这是一个有用的中间形式,特别是在不需要直接求解时间的情况下。在要求不先消去 v 而进行推导的题目中经常出现。
3. The Displacement–Time Equation | 位移—时间方程
To express displacement solely in terms of initial velocity, acceleration and time, we substitute v = u + at into s = (u + v)t ÷ 2.
为了只用初速度、加速度和时间表示位移,我们将 v = u + at 代入 s = (u + v)t ÷ 2。
s = (u + (u + at))t ÷ 2 = (2u + at)t ÷ 2
Simplifying the numerator and dividing by 2 yields the standard displacement–time equation for constant acceleration.
简化分子并除以2,得到匀加速运动的标准位移—时间方程。
s = ut + ½at²
This derivation demonstrates the power of algebraic substitution based on the definitions of acceleration and average velocity. It is a staple in both multiple-choice and structured questions.
这一推导展示了基于加速度和平均速度定义的代数代换的威力。它是选择题和结构性题目中的基本内容。
4. The Velocity–Displacement Relation | 速度—位移关系
Sometimes a problem does not provide the time t.

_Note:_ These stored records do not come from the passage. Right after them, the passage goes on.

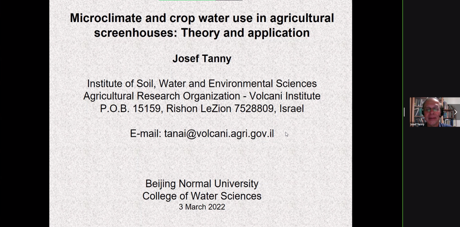 swag视频 推出中外专家系列讲座,以色列Josef Tanny博士受我院刘海军教授的邀请,分别于北京时间2022年3月3日和11日13:30-15:10开展了以“Microclimate and crop water use in agricultural screenhouses: Theory and application”为主题的线上系列讲座。Josef Tanny博士是以色列农业研究组织ARO土壤-水-环境研究所高级研究员,HIT-霍隆理工学院高级讲师。Josef Tanny博士毕业于特拉维夫大学机械工程专业,研究领域是农业气象学与环境物理学,已在Agricultural and Forest Meteorology等国际期刊发表80余篇同行评议论文。他主要使用先进的微气象方法与模型来测量和模拟作物以及开放水体的蒸散发量,侧重于将小气候与作物用水应用于受保护的栽培系统。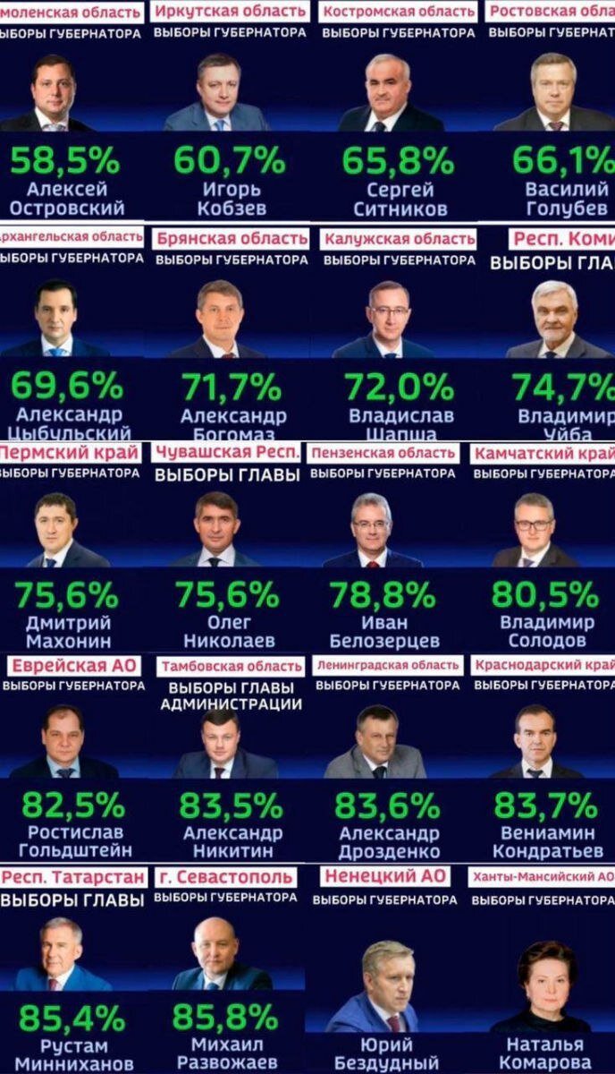 Кремлевские кандидаты, которые претендовали на губернаторский пост, выиграли за явным преимуществом. Они набрали от 65 до 90%. Губарнатор Севастополя Развожаев набрал 85,8%. Наверное это самый популярный политик в России на данный момент. При этом нельзя говорить, что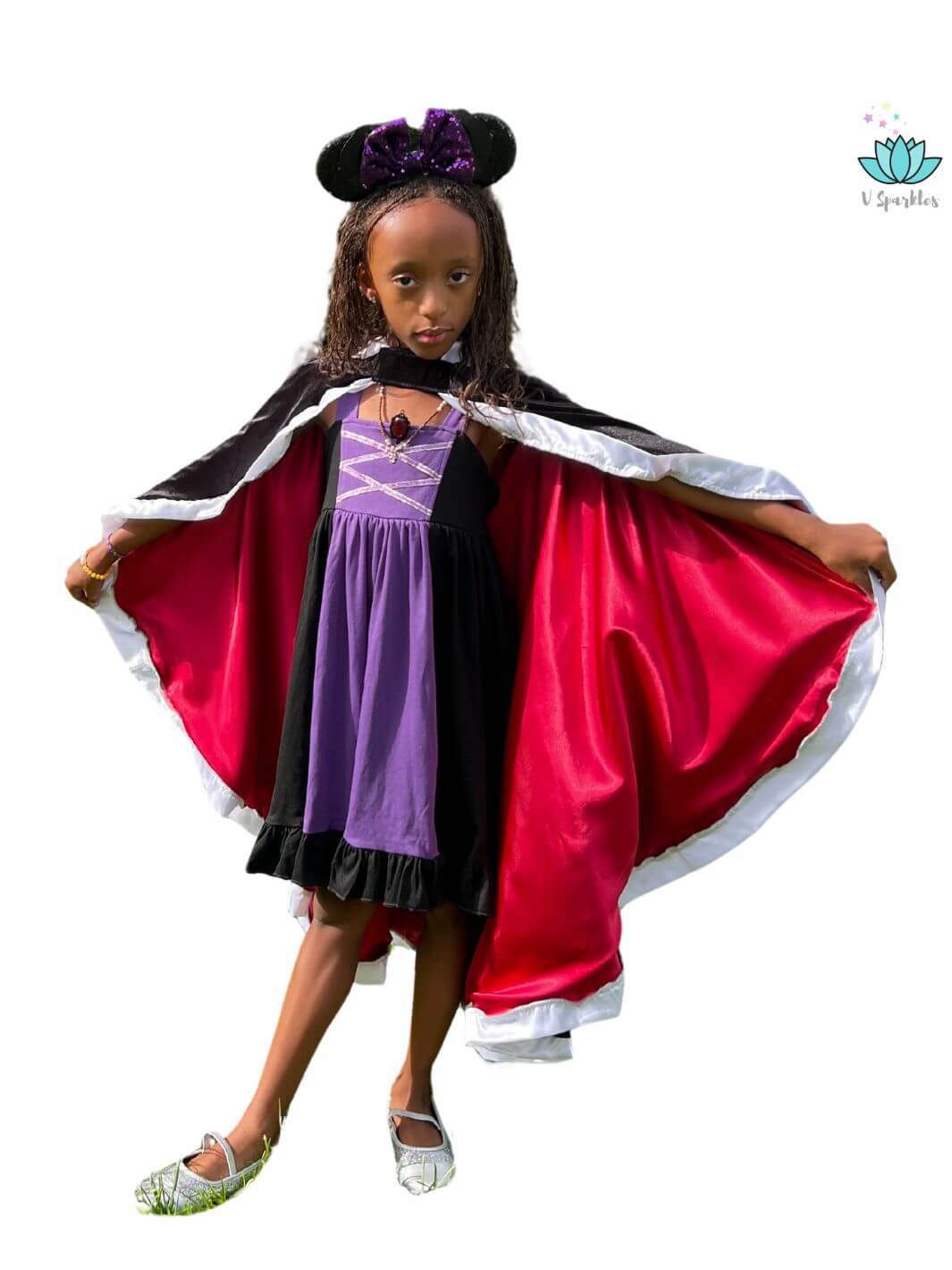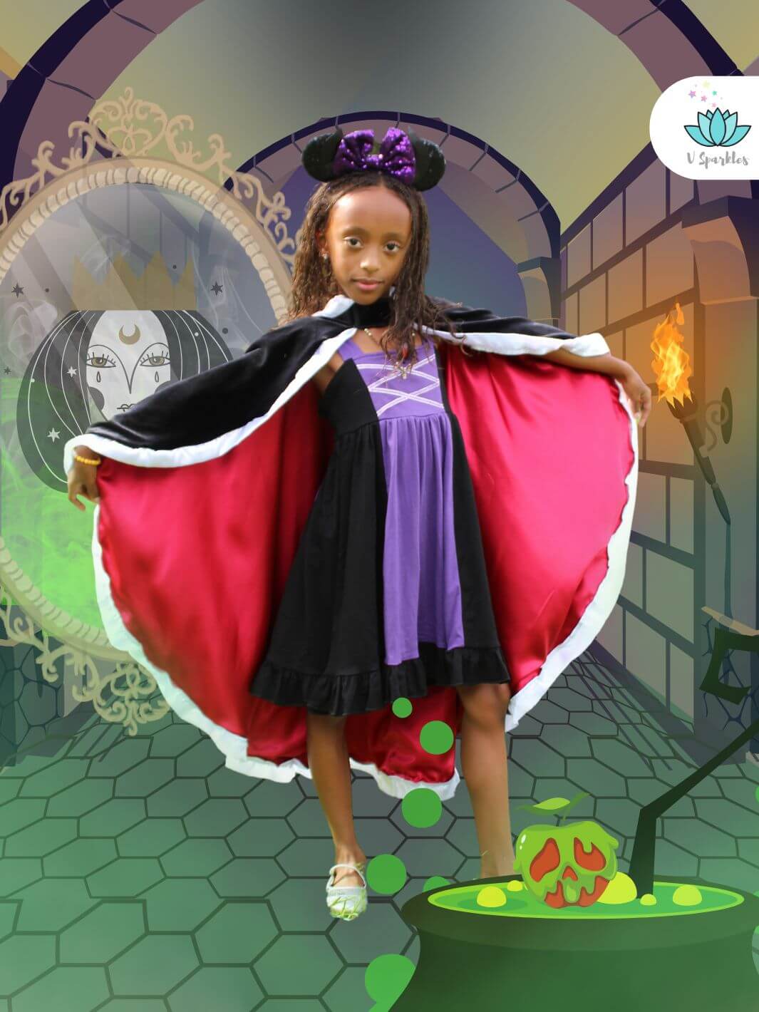 Introducing our Evil Queen Cotton Dress for Kids with Cape Available as an Add-on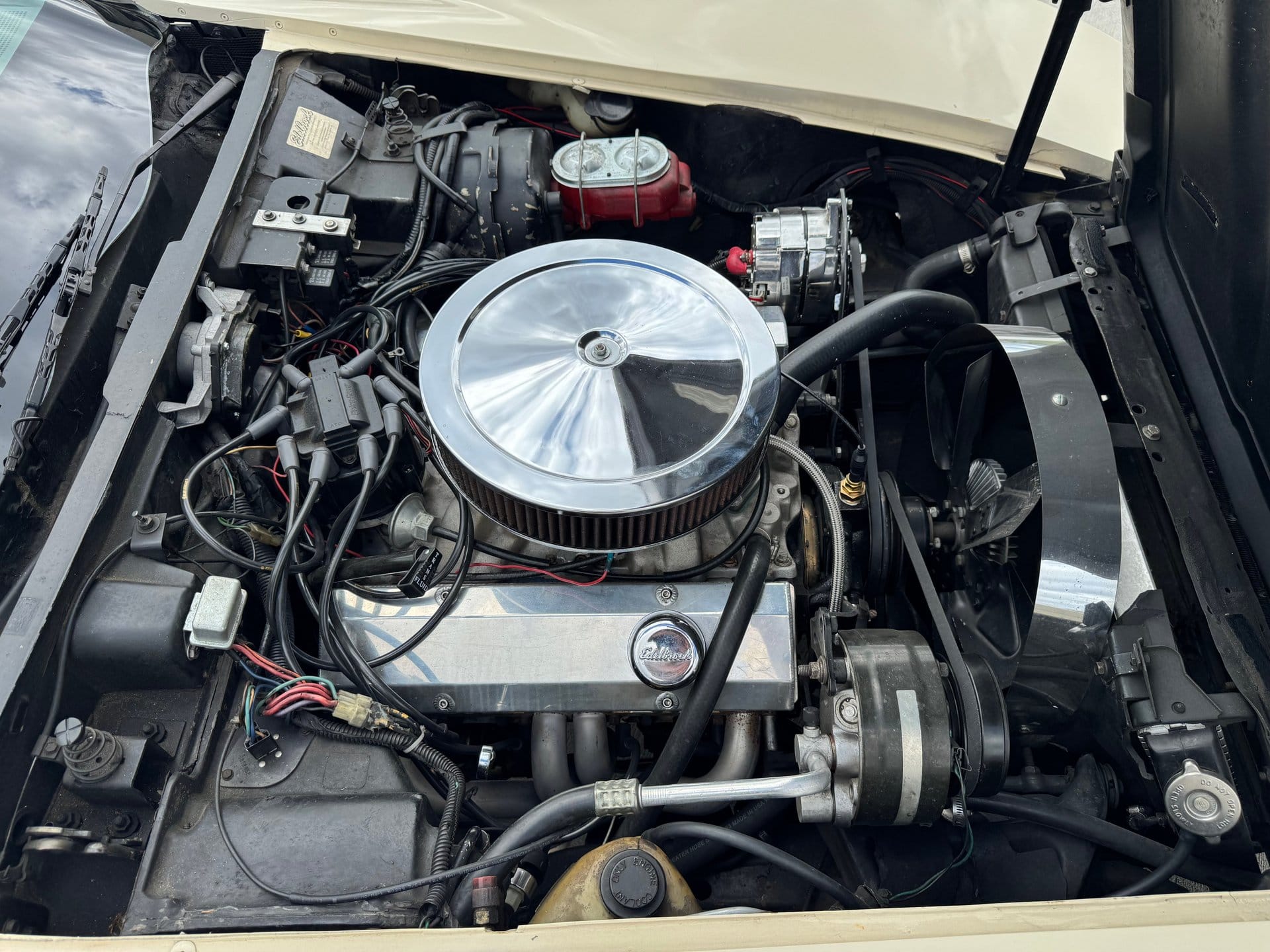 This particular 1981 model has undergone a partial restoration that introduced several updates under the hood and inside the cabin. Power comes from a mildly built 350 cubic-inch V8 engine that has been enhanced with aluminum cylinder heads, an Edelbrock intake manifold and a larger carburetor. The modifications are intended to improve engine response and overall performance while maintaining the classic small-block V8 character associated with the Corvette name.

By eliminating t from the first two equations of motion, we obtain a direct link between initial velocity, final velocity, acceleration and displacement.
有时问题并未给出时间 t。通过从前两个运动学方程中消去 t,我们可以得到初速度、末速度、加速度和位移之间的直接联系。
From v = u + at, we have t = (v – u) ÷ a. Substituting this into s = (u + v)t ÷ 2 eliminates t and gives an expression that can be rearranged to the familiar form.
由 v = u + at 得 t = (v – u) ÷ a。将其代入 s = (u + v)t ÷ 2 消去 t,得到一个可以整理为熟悉形式的表达式。
s = (u + v)(v – u) ÷ (2a) = (v² – u²) ÷ (2a)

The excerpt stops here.